Irish coach Declan Kidney did not criticise South African referee Craig Joubert, who handled the Ireland-Wales match in Dublin and penalised players frequently at the breakdown.
He said afterwards: “In terms of Craig, he had a good game. I think he is a top class referee. But I think there is another discussion to be had; changing the emphasis on something in mid-competition seems extraordinary, especially in a competition the size of the Six Nations.”
Another South African referee, Marius Jonker, tried to do the same as Joubert in the Scotland-England match, which ended in a boring 15-15 draw at Murrayfield. Nine penalty goals and a drop goal were the only scores on a day of shocking rugby, which was a dire indictment of both countries.
But Jonker was criticised afterwards for not being tougher on England. Three times he warned England captain Steve Borthwick that yellow cards would be used if the infringing did not stop. It didn’t, yet he didn’t use the sanction.

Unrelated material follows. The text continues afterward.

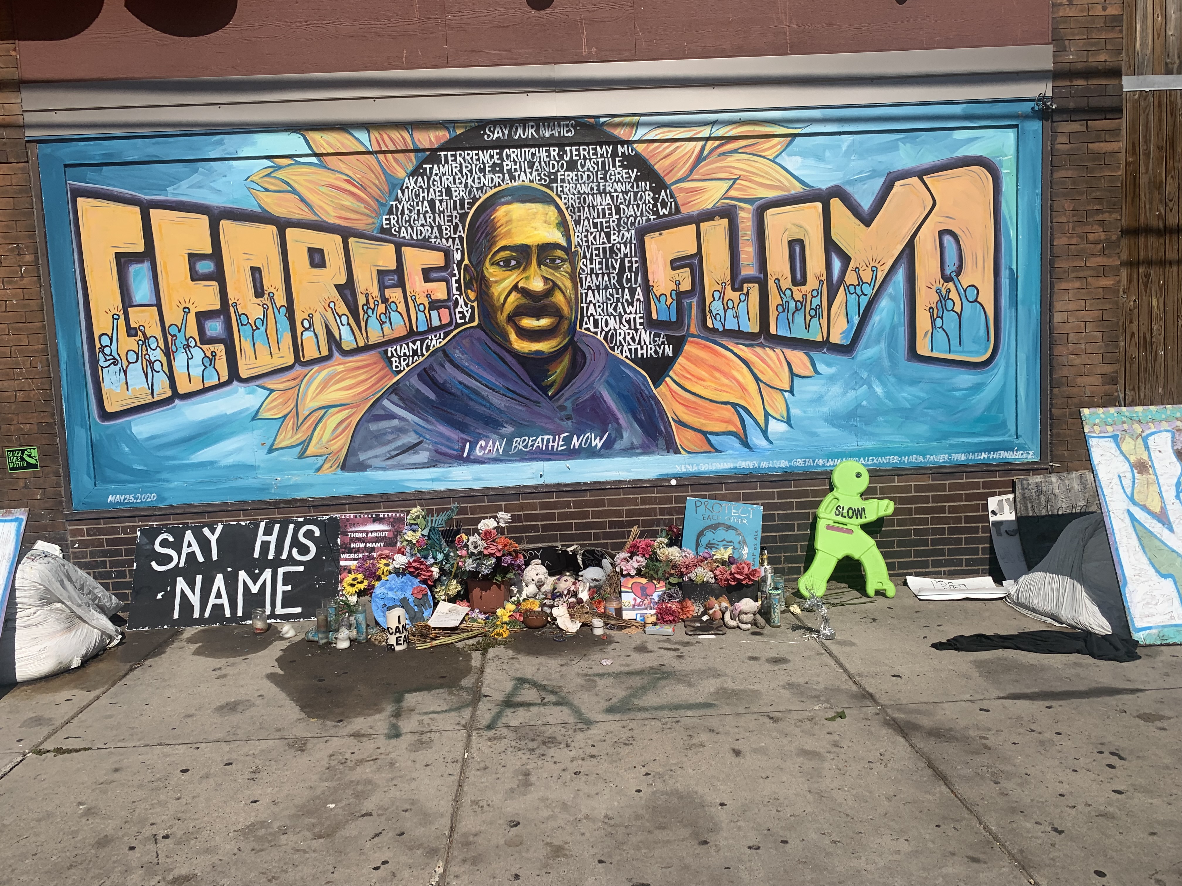 I stood there weeping, in a state of confusion, as I took in the incomprehensible contrast of these vibrant multiracial fledglings passing through a horrific murder scene where a Black man asked for his mom and pleaded for his life before being choked to death by the weight of system that bore down on a white officer’s shoulders as he pressed his knee into the man’s windpipe.

In Edinburgh, fear ruled. Neither side were prepared to take any chance or open up. Scotland played what little rugby there was, which wasn’t much at all.
England substitute Tony Flood, who replaced the injured Jonny Wilkinson, had a late chance to snatch an unjustified victory, but his penalty attempt fell short.
So, two trophies will be up for grabs on the final Saturday of the championship this weekend. France are on course for their first Grand Slam since 2004 after crushing Italy 46-20 in Paris on Sunday. They will win the title and a coveted Slam if they beat England under lights at Stade de France on Saturday evening.
The French ran away with the game against Italy, scoring tries at will throughout the match.
No.8 Imanol Harinordoquy started the landslide with a try after six minutes and they added two further tries by centre David Marty by halftime.
It was 22-3 at the interval and tries in the second half by Marc Andreu, Yannick Jauzion and Alexandre Lapandry pulled France well clear.
But two tries for Italy in five minutes by lock Carlo del Fava and substitute Pablo Cannavosio showed that their spirit remained strong. From 46-6 down, they fought back to 46-20.
But even if, as expected, France triumph this weekend, Ireland can win their fifth Triple Crown in seven years if they beat Scotland in Dublin.
Ireland set up that chance with a comprehensive 27-12 victory over Wales at Croke Park, outscoring Warren Gatland’s men three tries to nil. Wing Keith Earls got two and scrumhalf Tomas O’Leary the other.
Wales were a huge disappointment. They had far more ball than the Irish and made 187 passes, yet achieved only one line-break.
“We are very disappointed with the outcome and our execution,” Gatland admitted.